Scala (ScalaTest + ScalaCheck):

import org.scalatest.flatspec.AnyFlatSpec
import org.scalatest.matchers.should.Matchers
import org.scalatestplus.scalacheck.ScalaCheckPropertyChecks

class UserServiceSpec extends AnyFlatSpec with Matchers with ScalaCheckPropertyChecks {

  // Fixture
  def userService: UserService = new UserService(new MockDatabase())

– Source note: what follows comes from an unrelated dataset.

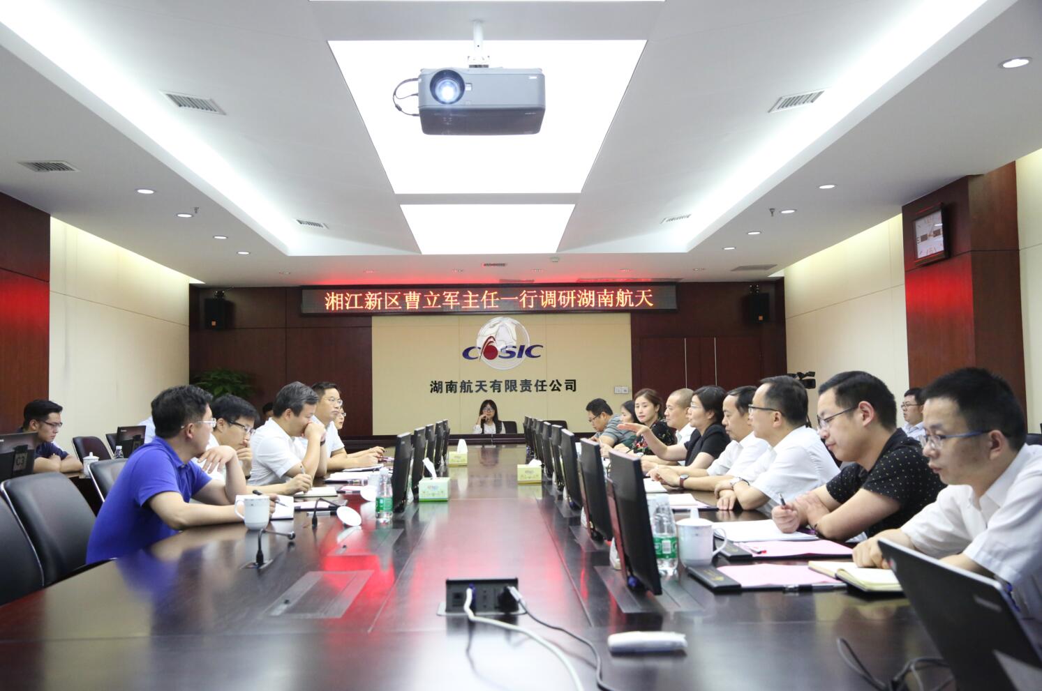 曹立军对湖南航天的发展给予了充分的肯定,指出湖南航天为湖南和长沙的经济发展做出了巨大的贡献,当前要抓住机遇,高度重视军民融合产业发展,把湖南湘江新区的军民融合产业推上一个新高度。他表示,湘江新区将全力支持湖南航天的发展,把更多好的项目、技术、产品引进来,做大做强湖南航天。

  "UserService" should "return existing user" in {
    val service = userService
    val user = service.getUser(1)

    user should not be empty
    user.get.name shouldBe "Alice"
  }

  it should "return None for missing user" in {
    val service = userService
    val user = service.getUser(999)

    user shouldBe None
  }

  // Or with Either/Try
  it should "return Left for missing user" in {
    val service = userService
    val result = service.getUserEither(999)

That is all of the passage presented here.